GPU Ray Tracing Performance Comparisons [2021-2022]

trinibwoy · Jul 10, 2021

Jawed said:
It's worth remembering that AMD with a compute-SIMD "slow" approach has equalled NVidia's dedicated-MIMD in Turing. With Ampere, NVidia gained 40% on Turing in games, but it seems likely there are no major gains to be had from "better MIMD" in Lovelace.

Are you drawing that conclusion based on mixed workloads where RT is just one consideration? For reference the 3080 and 2080 Ti have the same number of RT “cores” yet the former is 85% faster in Optix.

Jawed · Jul 11, 2021

HLJ said:
This?
View attachment 5667

Talk about finding a border case of unplayable architechture limits.

Ah, you must be new around here.

That's what DavidGraham suggested:

DavidGraham said:
Nope, once you push RT workload upwards

That's what we do here at B3D: discuss what happens at the limits. If you don't like that, there's plenty of other forums.

DavidGraham said:
Faulty testing for sure.

You have facts to base that conclusion on?

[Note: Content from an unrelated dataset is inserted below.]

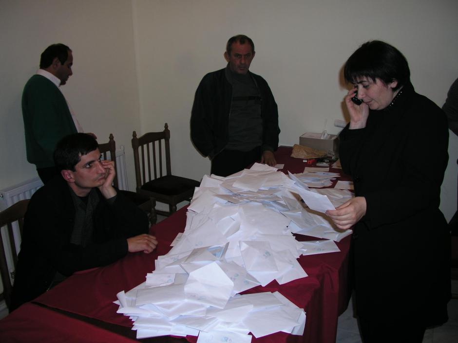 Election station officials prepare to count ballots at the polling station, Bolnisi, Georgia, 2 November 2003.
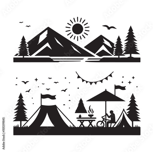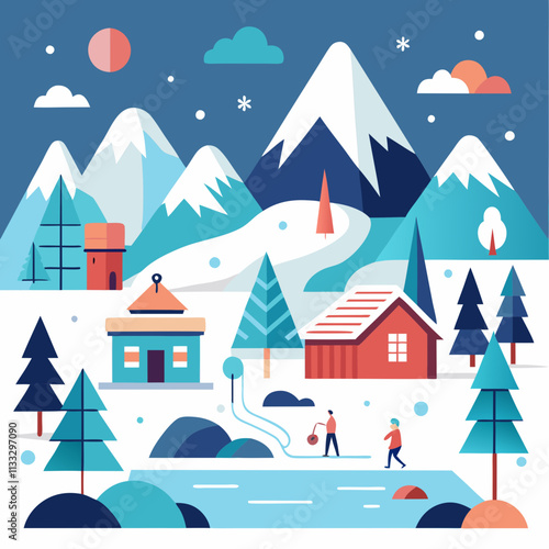 Vektorová sada plakátů divoké severní krajiny, bannery. Polární záře, arktická zvířata a Eskymáci mají ploché designové prvky.

Is Metro Exodus:Enhanced Edition at 8K with Ultra ray traciing and no DLSS at 10.8fps:

TweakTown.com Enlarged Image

faulty testing?

iroboto · Jul 11, 2021

Jawed said:
You have facts to base that conclusion on?

Is Metro Exodus:Enhanced Edition at 8K with Ultra ray traciing and no DLSS at 10.8fps:

TweakTown.com Enlarged Image

faulty testing?

yea unlikely.
I think 8K broke it. Bottleneck differences may be breaking the camels' back sort of speak here for the nvidia card. Might be useful to use the nvidia Nsight here to see what's happening at 8K. Worth while to explore if @Clukos or another member has some time to try it. I'd be curious to see what's happening here.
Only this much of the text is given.